▶ **Action item**:
Below is a listing to write out in full, exactly as given, without its pictures.
--- Input data Enclosed Below ---
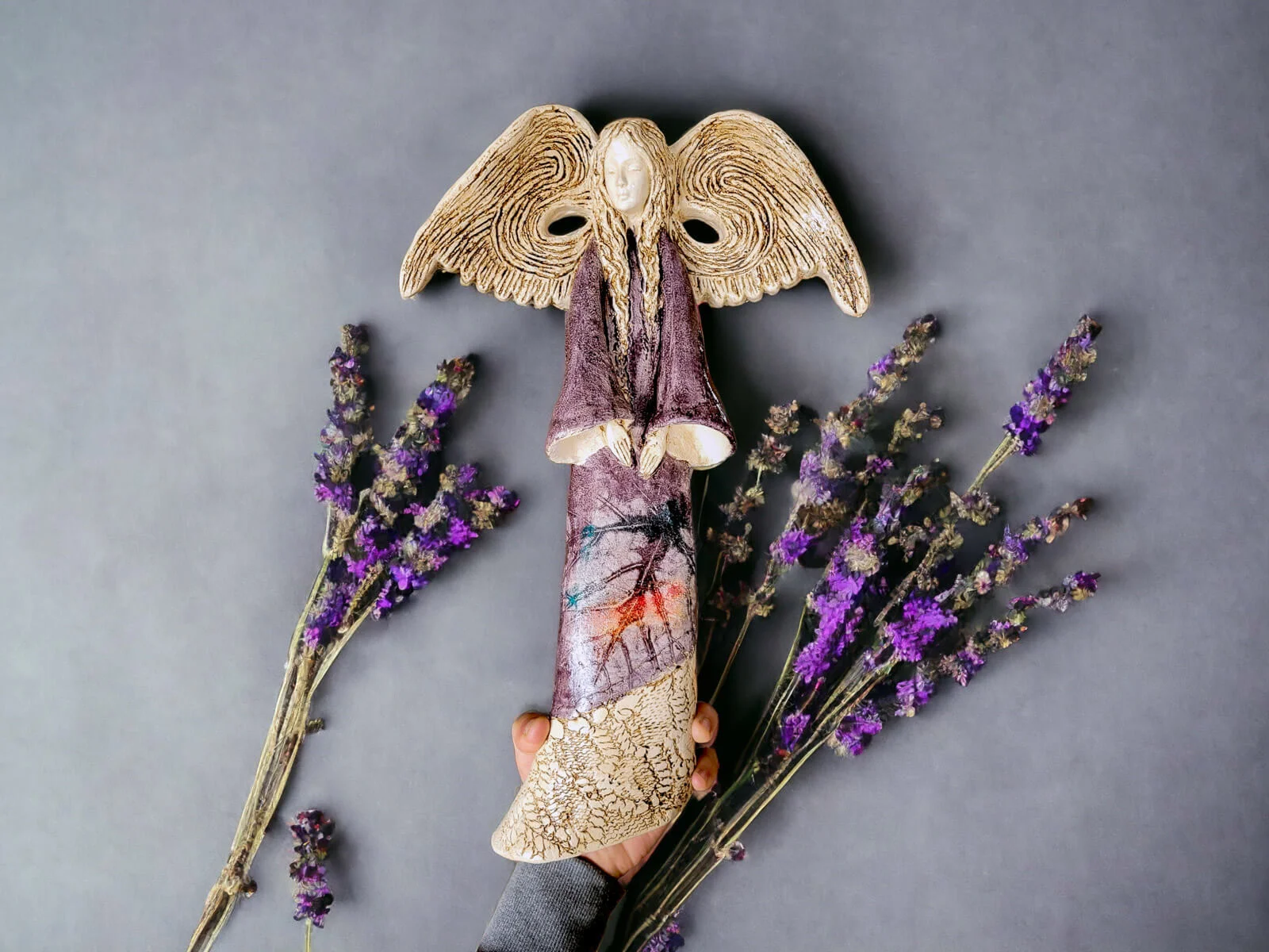 Figurka anioła Clara Art Leaf - fiolet - 40 x 28 cm figurka dekoracyjna
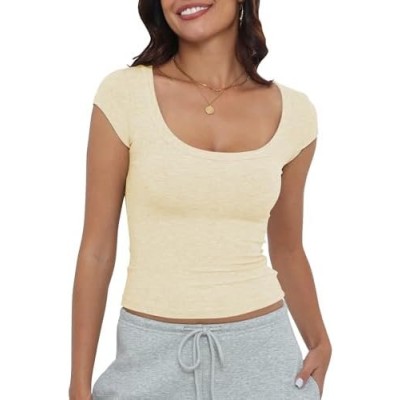 Artfish Women's Short Sleeve T-Shirts Low Scoop Neck Slim Fitted Ribbed Knit Casual Longer Crop Top
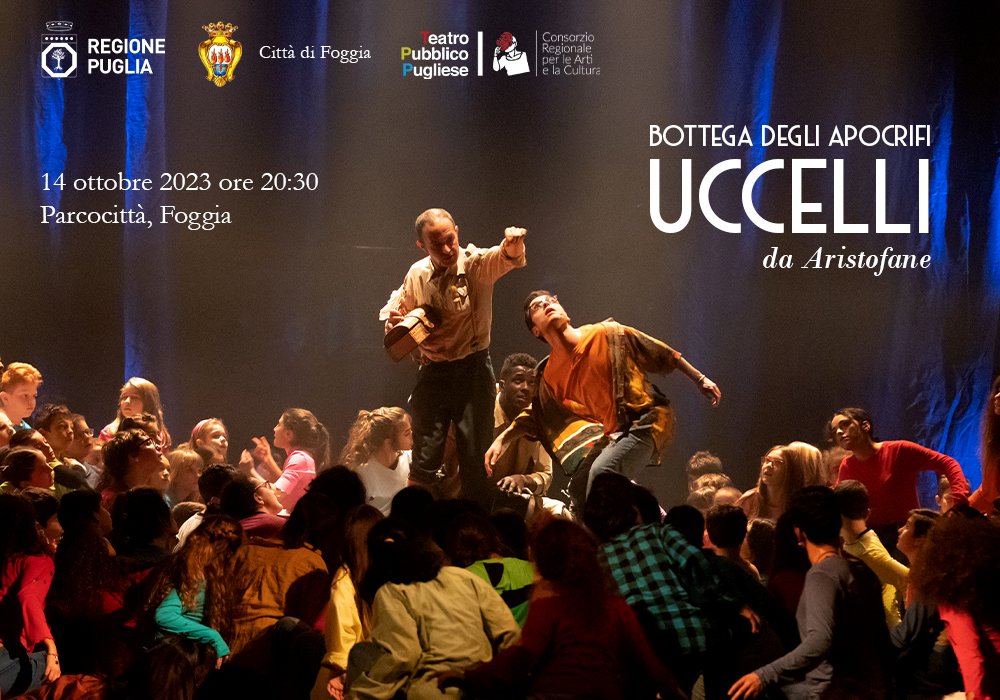 “Uccelli” in volo a Foggia. In scena 100 bambini e ragazzi della città per la produzione di comunità della Compagnia Bottega degli Apocrifi con il Comune di Foggia, Teatro Pubblico Pugliese e quattro istituti scolastici, all’interno del progetto “Fermenti di Antimafia”. Sabato 14 ottobre 2023 alle ore 20.30 a Parcocittà, Foggia.
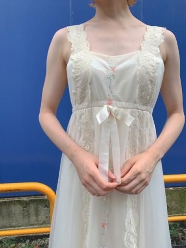 Vintage Nightie 刺繍入りシアーミディアム丈ワンピース
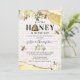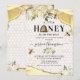 Convites de chá de bebê com colmeia de abelha com bordas de cristal de ágata brilhante amarelo e dourado, fundo de favo de mel, gotas de mel, flores em aquarela branca, abelhas e um modelo de celebração elegante que é fácil de personalizar.
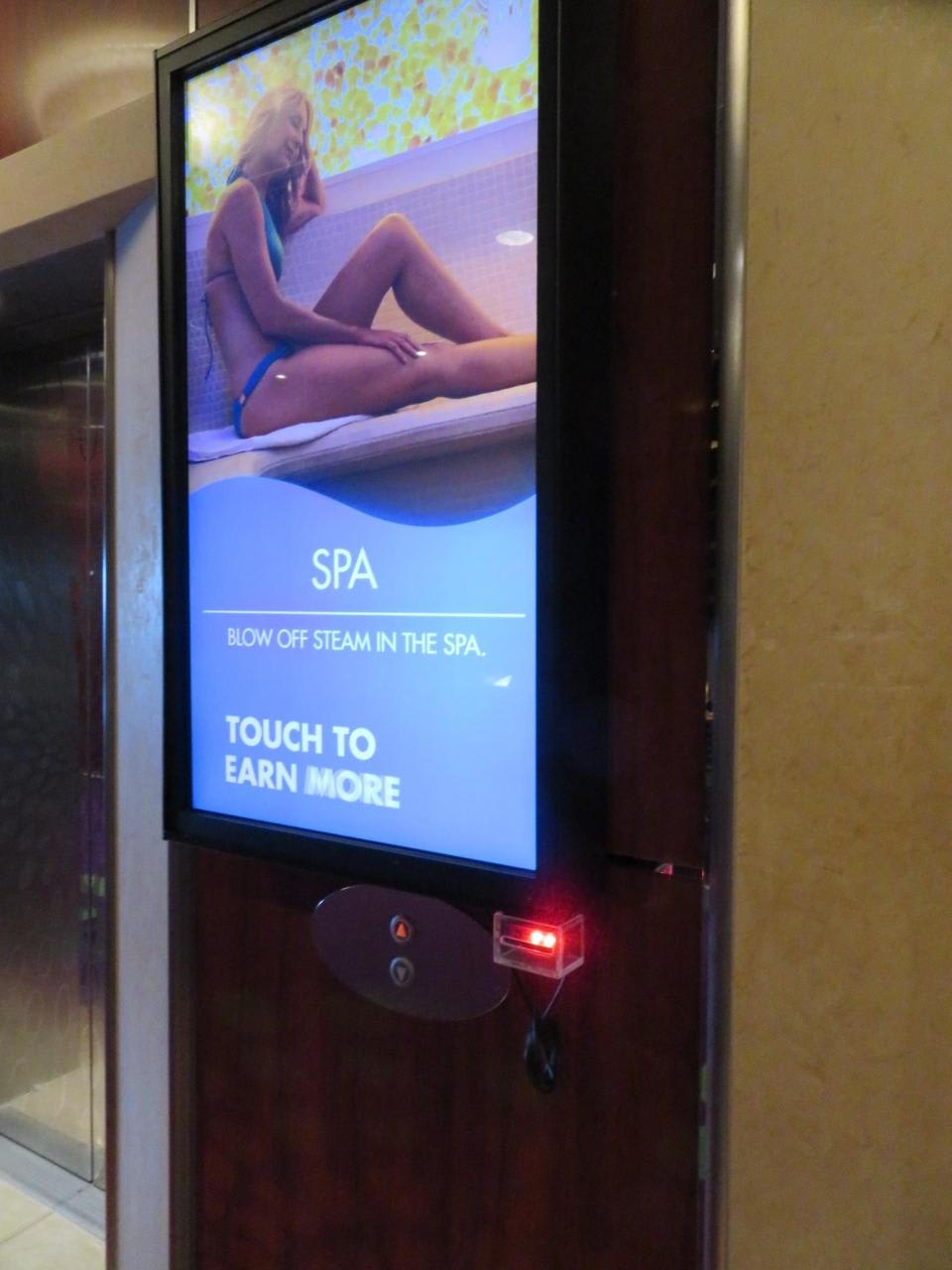14階へは最上級スイートルームのザ・ヘブン利用の乗船客しか昇れないようになっている。ザ・ヘブンの乗船客はエレベーターの上下ボタン右の赤いランプがついたカード挿入口にカードを入れて昇降する。
--- End of Enclosed Input data ---
▶ **Solution**:
 Figurka anioła Clara Art Leaf - fiolet - 40 x 28 cm figurka dekoracyjna
 Artfish Women's Short Sleeve T-Shirts Low Scoop Neck Slim Fitted Ribbed Knit Casual Longer Crop Top
 “Uccelli” in volo a Foggia. In scena 100 bambini e ragazzi della città per la produzione di comunità della Compagnia Bottega degli Apocrifi con il Comune di Foggia, Teatro Pubblico Pugliese e quattro istituti scolastici, all’interno del progetto “Fermenti di Antimafia”. Sabato 14 ottobre 2023 alle ore 20.30 a Parcocittà, Foggia.
 Vintage Nightie 刺繍入りシアーミディアム丈ワンピース
 Convites de chá de bebê com colmeia de abelha com bordas de cristal de ágata brilhante amarelo e dourado, fundo de favo de mel, gotas de mel, flores em aquarela branca, abelhas e um modelo de celebração elegante que é fácil de personalizar.
14階へは最上級スイートルームのザ・ヘブン利用の乗船客しか昇れないようになっている。ザ・ヘブンの乗船客はエレベーターの上下ボタン右の赤いランプがついたカード挿入口にカードを入れて昇降する。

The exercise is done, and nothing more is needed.